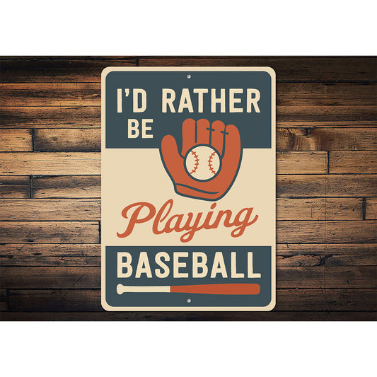 I'd Rather Be Playing Baseball Aluminum Sports Sign
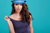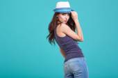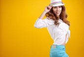 Kobieta wiosna kapelusz przeciwko żółty
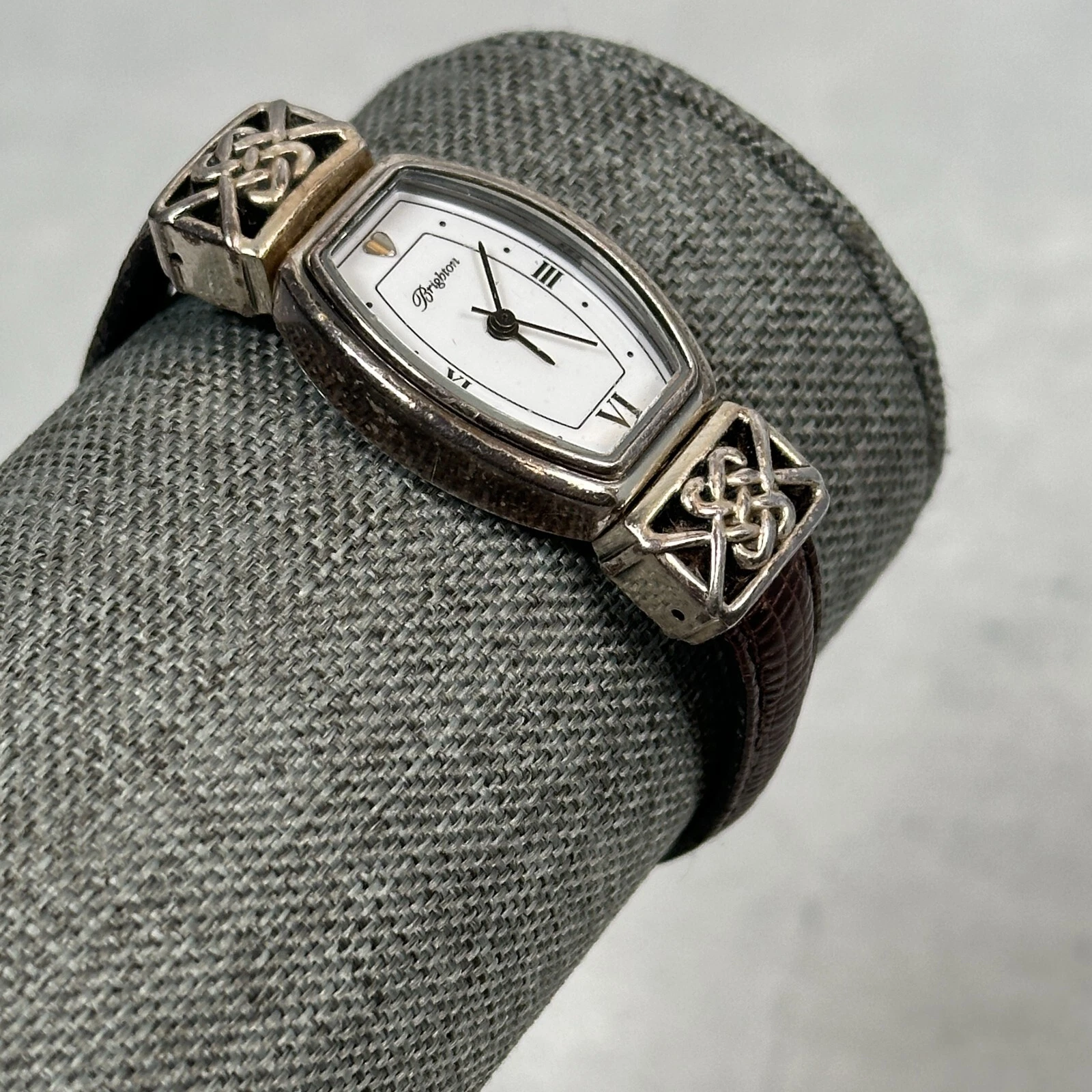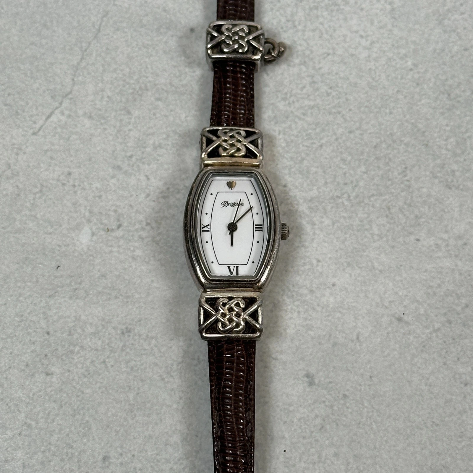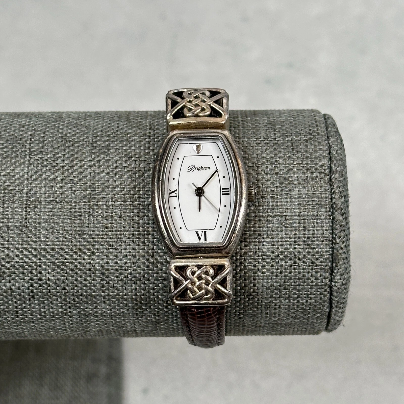 Brighton Watch 20mm Silver Tone Canterbury Brown Leather Band New Battery
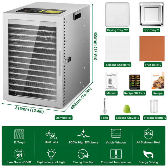Kwasyo 12 Trays Stainless Steel Food Dehydrator, Dual fan 360° Efficient Drying, 24H Adjustable Timer & 30-90℃ Temperature Control, Overheat Protection, Dehydrator Food Dyer uk for meat fruit, 800W
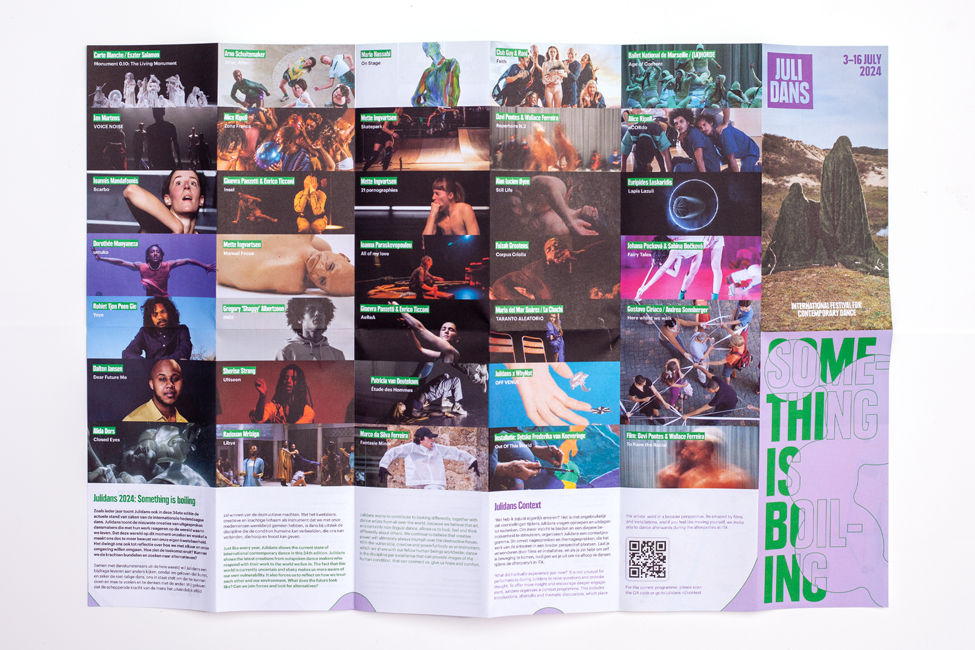 Julidans is a festival for international contemporary dance. Every summer the festival presents new talent. Together with Dolly Warhol we created the look and feel for 2024 edition.

===

#### Exercise brief:
Skipping any pictures, transcribe the full listing exactly.

#### Task answer:
 I'd Rather Be Playing Baseball Aluminum Sports Sign
 Kobieta wiosna kapelusz przeciwko żółty
 Brighton Watch 20mm Silver Tone Canterbury Brown Leather Band New Battery
Kwasyo 12 Trays Stainless Steel Food Dehydrator, Dual fan 360° Efficient Drying, 24H Adjustable Timer & 30-90℃ Temperature Control, Overheat Protection, Dehydrator Food Dyer uk for meat fruit, 800W
 Julidans is a festival for international contemporary dance. Every summer the festival presents new talent. Together with Dolly Warhol we created the look and feel for 2024 edition.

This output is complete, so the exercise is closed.